MAMM owner Shaw told the San Francisco Chronicle she was “very happy and… very relieved that I will get to return to my life’s work,” even though she does not have the funds to immediately reopen and has started a crowdfunding campaign that has raised nearly $2,400 as of Tuesday morning.

“We won the war,” said Shaw, “and I’m the first POW to be released.”

Medical marijuana advocates hailed Judge Breyer’s decision.

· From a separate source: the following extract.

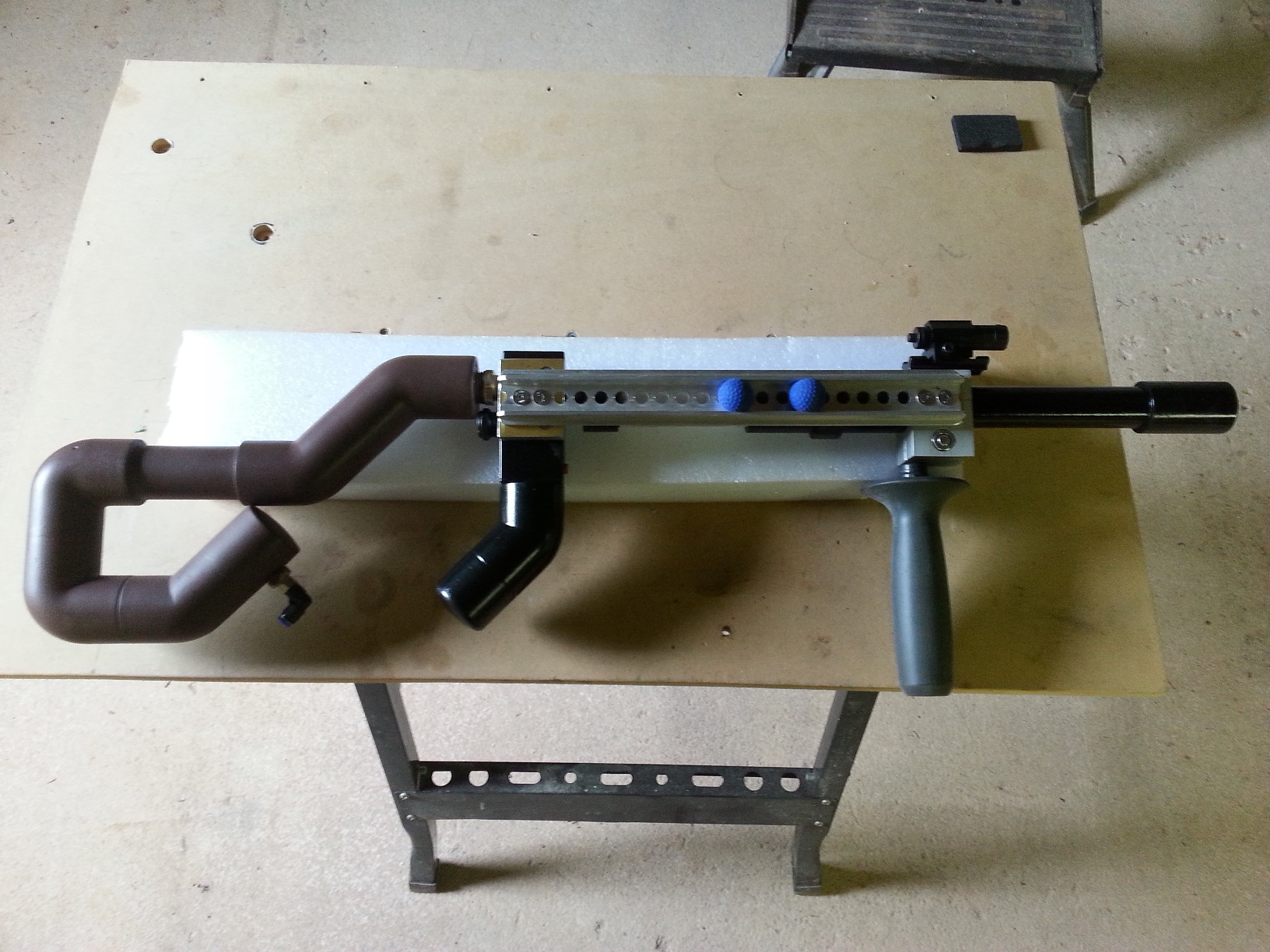 Working on the MKIII, stainless steel chamber and 3/4" copper barrel. loading through the side of a 3/4 ball valve.

“This court decision makes clear that the Justice Department is not above the law and must leave legal state medical marijuana dispensaries alone,” said Bill Piper, director of national affairs for the Drug Policy Alliance. “Cancer, MS, AIDS and other medical marijuana patients can sleep a little easier tonight knowing that a federal judge will protect them and the people providing them their medicine.”

“As more states legalize marijuana for medical or non-medical use the pressure to change federal law will continue to grow,” Piper added. “There is a clear bipartisan majority in Congress for letting states set their own marijuana policies.”

“This is a big win for medical marijuana patients and their providers, and a significant victory in our efforts to end the federal government’s war on marijuana,” Dan Riffle, director of federal policies for the Marijuana Policy Project, wrote in a statement. “Federal raids of legitimate medical marijuana businesses aren’t just stupid and wasteful, but also illegal.”

The targeting of MAMM was part of a wider effort by federal authorities, led locally by U.S. Attorney Melinda Haag, against state-legal medical marijuana operations. During the 2008 presidential campaign, then-candidate Barack Obama vowed to deal with the issue of medical marijuana, which was then legal in 18 states and the District of Columbia, with a ‘hands-off’ approach. Obama promised that he would not “be using Justice Department resources to circumvent state laws” governing medical marijuana. But once elected president, Obama’s Justice Department targeted California medical marijuana dispensaries targeted in a crackdown that forced many dispensaries to shut down despite their state-legal status.